I’ve lost loved ones. My heart was broken by a boy I loved dearly. The path of my life seemed to go nowhere for so long. School was stressful. Did these things cause my depression? Am I depressed because it was bound to happen due to heredity? Why am I depressed? I’ve researched this topic, and I’ve learned things I all ready had a vague understanding of. I’ve talked with people before about depression and the ways they overcame it. I take medicine now, and the day s I feel down I reflect on what may be causing them. People who are depressed search for the source of their medical illness, and they try to find ways to escape the sadness and frustration. We look to facts about symptoms and treatments, and we take comfort in knowing the little pieces, like how one in every six Americans will experience depression in their lives. (Zoloft) We know that we are not alone. But, how do these facts, statistics, lists, opinions, and new insights help us understand our depression? They don’t. Scientifically, it all comes down to an imbalance of firing neurons in our heads (This statement is a little too simple. I can’t say that it “all” comes to an imbalance of chemicals in the brain…science is still researching depression to this day). We’ve seen the commercial with the bouncing smiley face that isn’t so smiley! It all happens in the brain. However, understanding why just doesn’t seem to offer any comfort. Let’s receive the treatment, and let’s try to be optimistic. Let’s not ask why, but instead let’s ask how to continue overcoming depression. Let’s take the facts and throw them away as soon as we know that we have the right stuff to make us better. Let’s be there for one another and help those who will come to be in our shoes someday.

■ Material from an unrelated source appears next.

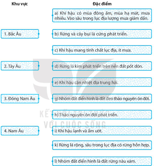 – Nhớ lại kiến thức đã học phần đặc điểm về khí hậu và đới thiên nhiên ở châu Âu Tr. 98, 99, 100 để làm bài.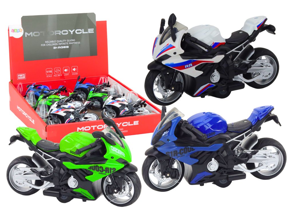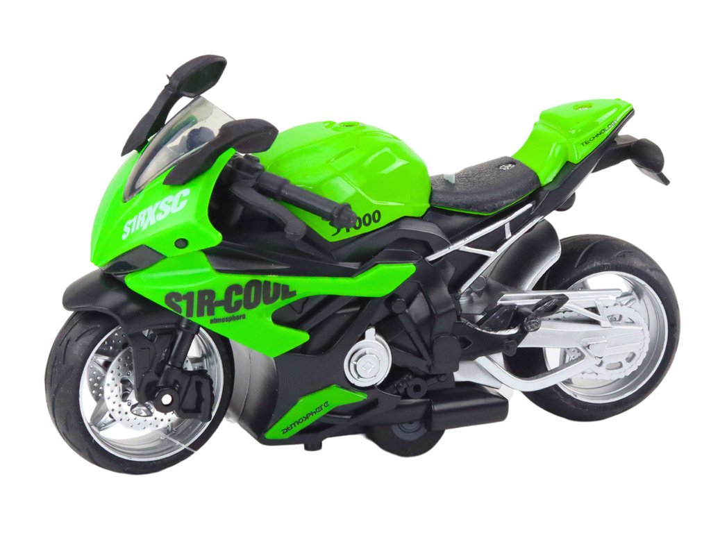 Motocicleta sport cu actionare cu frictiune 3 culori Alb Verde Albastru

Depression Alliance: Frequently Asked Questions – Symptoms

Treatments for Depression


When I read this, I actually feel a little proud of myself. I was 20 years old then, and I’ll be 30 this year. Then and now, I was rallying people to fight this illness…and it’s even more important to me now because I’ve only recently learned that so many people are afraid to approach this medical condition and the treatments available. I think I have 2, 3, or maybe 4 more posts to cover everything else I want to say about depression. There are different types of depression and different treatments to consider…and there are things like exercise, diet, meditation, and prayer that are helpful as well. Depression isn’t black and white…it’s a lot more complicated and involved. After reading this paper, I am even more fired up for the battle with this illness! I’ve been fighting it for more than a decade…and I’m only getting stronger. It’s time for all of us to get our war paint on!